Here is the core code

This code allows for the simultaneous closure of multiple calls, using spin + CAS to modify the thread state associated with the current NioEventLoop (volatile variable state).

No specific shutdown is performed here. The key is to change the thread state to ST_SHUTTING_DOWN.

The thread associated with NioEventLoop has a total of five states:


private static final int ST_NOT_STARTED = 1// The thread is not started yet

private static final int ST_STARTED = 2// The thread has been started

private static final int ST_SHUTTING_DOWN = 3// Thread is closing

private static final int ST_SHUTDOWN = 4// The thread is closed

private static final int ST_TERMINATED = 5// The thread has terminated
Copy the code

After the state changes are complete, the rest of the operations are done primarily in the NioEventLoop

The most important element in NioEventLoop is the Run method, which loops through select, IO events, and tasks.

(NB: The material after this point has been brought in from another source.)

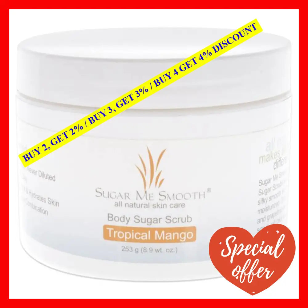 Introducing the Body Scrub - Tropical Mango by Sugar Me Smooth, the ultimate exfoliating experience for both men and women. This 8.9 oz scrub is carefully crafted to gently remove dead skin cells, revealing smoother and more revitalized skin.

At the end of each loop, the thread state is checked, or if ST_SHUTTING_DOWN, the closeAll method is executed

The main thing to do is to close all channels registered with the selector, loop through the Channel Unsafe close method, but some channels are sending messages and need to be closed later.

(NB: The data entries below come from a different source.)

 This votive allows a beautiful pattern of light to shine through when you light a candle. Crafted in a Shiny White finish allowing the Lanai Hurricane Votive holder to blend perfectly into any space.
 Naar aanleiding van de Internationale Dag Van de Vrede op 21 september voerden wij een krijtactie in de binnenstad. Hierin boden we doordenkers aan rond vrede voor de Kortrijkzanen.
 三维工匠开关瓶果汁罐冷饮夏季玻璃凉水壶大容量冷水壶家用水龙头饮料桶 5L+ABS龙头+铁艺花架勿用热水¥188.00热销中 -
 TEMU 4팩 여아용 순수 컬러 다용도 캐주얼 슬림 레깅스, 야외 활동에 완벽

  1. Check whether messages are being sent on the link. If so, encapsulate the shutdown operation into a Task and put it in the eventLoop for later execution
  2. The send queue is emptied and no new messages are allowed to be sent
  3. Call the close method of SocketChannel to close the link
  4. Invokes Pipeline’s fireChannelInactive to trigger a link shutdown notification event
  5. Call deregister to cancel the SelectionKey from the multiplexer

After the NioEventLoop has executed closeAll (), you need to call confirmShutdown to see if you can really exit

  1. Cancel all scheduled tasks
  2. Execute all tasks in the TaskQueue
  3. Execute ShutdownHook registered in NioEventLoop
  4. Determines whether the specified timeout period for graceful exit has been reached, and exits immediately if the timeout period has been reached or passed
  5. If the timeout period does not reach, do not exit the system. Check whether a new task is added every 100 ms and continue to execute the task

The runAllTasks method is already called in the Run method of the NioEventLoop, and is then called again in confirmShutdown.

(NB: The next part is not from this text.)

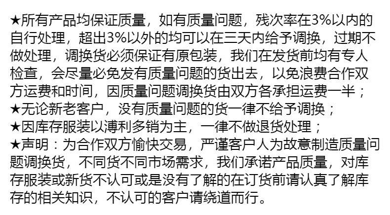 【产品详情】    本店所有商品一 律厂价直销,省去了实体店中的所有渠道环节,请广大商家放心订购! 欢迎广大商家亲自上门看货洽谈!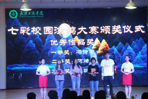 新闻中心讯(记者孙伊珞)6月17日晚18:30,武汉工商学院第十七届校园“七彩”文化艺术节颁奖典礼暨闭幕式在学校体育馆403隆重举行。校学生会主席团代表、各学院分团委学生会主席团、“七彩”子活动获奖人员、往届校学生会的成员及各学院学生代表近300人一同参加了此次闭幕式晚会。

This is because Netty has an I/O ratio, which is 50 by default, in order to prevent scheduling tasks or user-defined tasks from taking up too much of the NioEventLoop thread scheduling resources. Represents the ratio of NioEventLoop thread I/O to non-I /O operation time. Due to the execution time limit, scheduled tasks and common tasks that have expired may not be completed and need to wait for the next Selector poll to continue execution. The runAllTasks method is called again in confirmShutdown because tasks that should have been executed but were not completed need to be cleaned up before the thread exits.

At this point, the Netty thread just officially quit.